A「そうだな…いや、段取りについては大丈夫だろ。すげぇ細かく確認したし…」

B「…そうだね」

A「あぁ」

B「……行かないの?」

A「あー……そっちは?帰らなくていいのか?」

B「うん、そろそろ…」

A「…」

B「…」

A、B「あのさ…」

A「あ、悪い、どうした??」

B「う、ううん…そっちから、どうぞ」

A「あぁ……今日で、実行委員は終わりだろ?」

B「もう、まだ本番が残ってるよ笑」

A「そうだけど、そうじゃなくてさ…。その…2人で話すのは最後になるから…」

B「そう、だね…」

A「だからさ…」

B「相変わらず、優しいんだね」

A「え?」

B「大丈夫だよ!気とか遣わなくても!!
あの時は、私も久しぶりに話せて、舞い上がって、ちょっと変な感じになっちゃったけど…」

A「いや、だから…」

B「今ならもう落ち着いてきたし、もう大丈夫!!」

A「はぁ?何言って…」

B「こう見えて、告白された事は何回もあるから振る側の気持ちもわかるし!!」

A「ちが、そういうんじゃ…!」

B「だからほら!一思いにズバッと言っちゃって!!」

A「覚えてるよ!」

B「えっ…?」

A「約束…小学校に上がる直前にしたやつだろ…

B「あっ、うん…。
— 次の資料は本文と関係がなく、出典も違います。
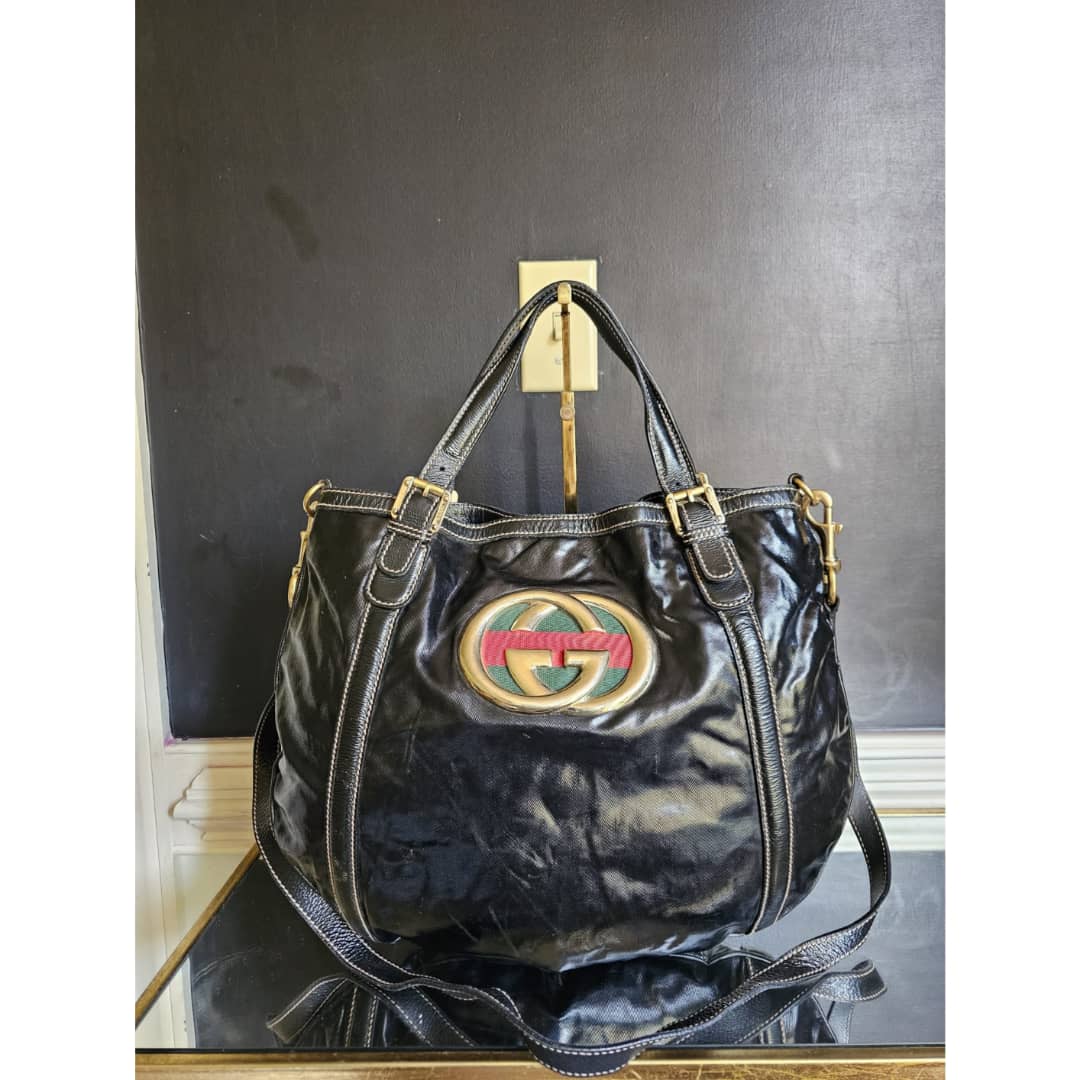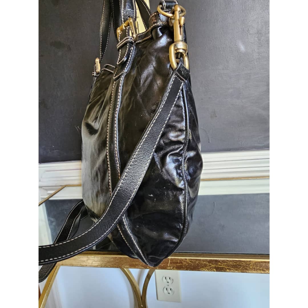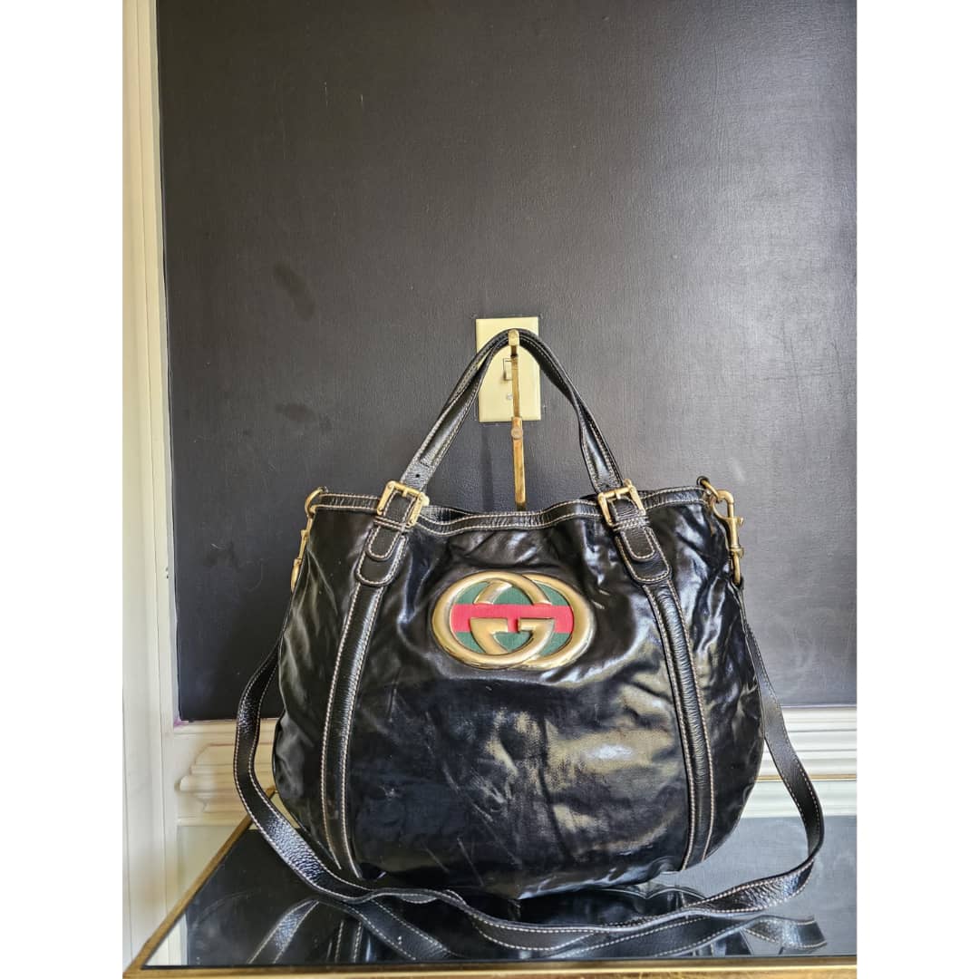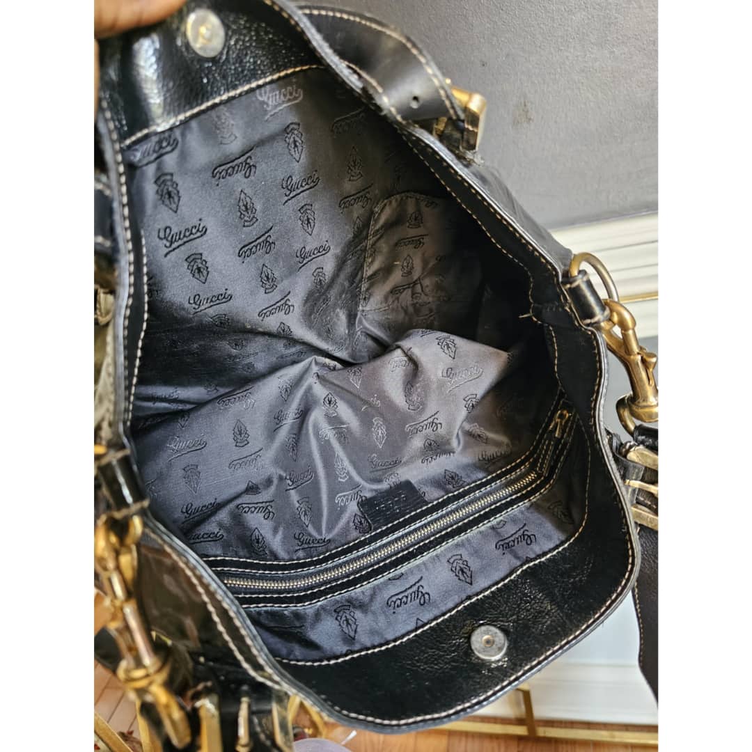 This authentic Gucci Coated Canvas and Patent Leather Dialux Britt Hobo Bag Black is in it’s good pre-owned condition. The exterior patent leather is clean and beautiful. Interior is clean. Gold hardware. Comes with a strap.

な、内容は…?」

A「……18歳になったらすぐに結婚できるように、高校生が終わるまでずっと一緒にいる、約束するよ…」

B「ぷっ…!改めて聞くと……すごいね……笑」

A「う、うるさいな!子供だったんだから仕方ないだろ!」

B「え〜〜〜じゃあ、今はもうその気持ちはないってことぉ???」

A「いや、ないって訳じゃわないけど」

B「ふ〜〜〜〜〜ん、そうなんだぁ〜〜〜〜(ニヤニヤ)」

A「こ、こいつ……。あーでもその後ユアも言ってたよなぁ???」

B「えっ」

A「私だってツッキーとずっと一緒にいる!だから絶対にお嫁さんにしてね!!約束だよ!!って」

B「ああああぁぁぁ!!」

A「人のこと言えないと思いますけどぉ??」

B「子供!!子供だったの!!!」

A「へぇ〜〜じゃあ、今はそう思ってないんだぁ、悲しいなぁ〜〜〜」

B「むうぅぅぅ…!!そもそもツッキーがいけないんだよ!!!」

A「はぁ!?何がだよ!!」

B「中3になったあたりから急に、悪ぶっちゃってさ!!」

A「なっ!!それは…!!」

B「そのせいで!女の子達から急に目付けられちゃうし!!!」

A「それは俺のせいじゃないだろ!!」

B「満更でもない顔してたもん!!!」

A「してないわ!!そもそも学校では ほぼ寝てたろ!!!」

B「してた!!女の子と帰ったり!!休日遊んだり!!」

A「そのくらい誰だってしてるだろ!!」

B「しない!!色んな女の子と付き合うようになって、私すごく嫌だったもん!!!」

A「はぁ!?俺今まで彼女作った事ないぞ!
!」

B「はぁ!?付き合ってって送ったらOKされたって色んな子が言ってるし!!!」

A「ホントだって!!!ほら!LINE見てみろよ!!!」

B「んん……?いやこれ!!言ってるじゃん!!OKって!!」

A「適当にスタンプ送っただけだろコレ!!!」

B「女の子の一世一代の告白をスタンプで返すな!バカ!!」

A「お前はどっちの味方なんだよ!!!」

B「知らない!!!結局誰が好きなの!!」

A「お前だよ!!!」

B「っ…」

A「当たり前だろ……中3で態度悪くしたのも俺の成績ならもっといい高校にしろ、って先生が
ウザかったからだし…」

B「なんでわざわざ…」

A「約束…だからだよ…。同じ高校に行くのも…。」

B「……ちゃんと言ってほしいかも」

A「えっ?」

B「勢いで言われた感じじゃ嫌だから、ちゃんと好きって言って欲しい…」

A「……わかったよ。
俺は、ユアの事が好きだ。」

B「にひっ、ふへへ…どうしよう、今絶対変な顔してる」

A「おいおい、俺にだけ言わせるのはズルくないか?」

B「私も、ツッキーの事…好きだよ」

A「っ…!昔からこういう時は真っ直ぐなんだよな…」

B「へへっ……なんか、随分遠回りしちゃったね」

A「ふっ……本当にな」

(少し間)

B「私達がこれからもずっと一緒に居られるかは分からない。また離れちゃう事もあるかもしれない。けど……」

A「今この瞬間は、幼なじみという関係も悪くないと…心から、そう思えた。」

〜Fin〜

この記事が気に入ったらサポートをしてみませんか?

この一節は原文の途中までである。